From the same machine with mail/thunderbird I get no errors when sending emails out.

STARTTLS is set to on in both cases

I already issued a
`# portmaster -r openssl`.
Any ideas?


----------



## wblock@ (Feb 10, 2013)

There is a bug in security/openssl that might be responsible for this also:
http://lists.freebsd.org/pipermail/freebsd-ports/2013-February/081264.html

It was preventing svn downloads from HTTPS mirrors here.


----------



## DutchDaemon (Feb 11, 2013)

A new OpenSSL port made it into the ports tree.
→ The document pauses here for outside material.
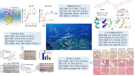 近年来主要从事基于海洋天然产物的抗炎、抗肿瘤先导物发现工作,取得了多项成果,主要包括: 首次发现并刻画了溴结构域蛋白4(BRD4)全新变构调节位点,刻画了该变构调节位点的关键氨基酸残基,利用氨基酸单点突变验证了其干扰组蛋白赖氨酸对BRD4经典口袋的结合功能,为下一步寻找BRD4新的作用靶点和信号通路奠定了基础。 利用骨架跃迁及理性结构改造,设计合成得到新型苯酚类及色原酮类BRD4抑制剂,化合物ZL0454和ZL0516等分别实现对BRD4 及BRD4 BD1的选择性。通过分子生物学手段揭示了其通过阻断RelA-BRD4信号通路、干扰促炎性因子IL-6和CIG5等基因表达的抗气道炎症作用机制。 基于喹唑啉酮类海洋生物碱penipanoid C,通过设计结构多样性的连接链,靶向获得对BRD4 BD2具有选择性的纳摩尔级小分子抑制剂,对LPS诱导的巨噬细胞中TNF-α和IL-6的生成具有显著抑制作用;小鼠急性炎症模型中,50 mg/kg剂量下对全身炎症的缓解作用与临床III期药物RVX-208相当,为高效低毒海洋抗炎分子提供了备选。

Only relevant for amd64.


----------



## gqgunhed (Feb 11, 2013)

Thanks for the quick replies.
I am using amd64 on my server.

1.) Will compile again (or use the patch from the post of wblock@)
2.) Will try other MUAs to see if this is a problem of LinuxMint-claws-mail or openssl


----------



## DutchDaemon (Feb 11, 2013)

OpenSSL also interfered with OpenVPN, so it is a likely culprit for a multitude of problems.


----------



## gqgunhed (Feb 11, 2013)

===>>> Upgrade of openssl-1.0.1_6 to openssl-1.0.1_7 complete
Everything works fine now.


----------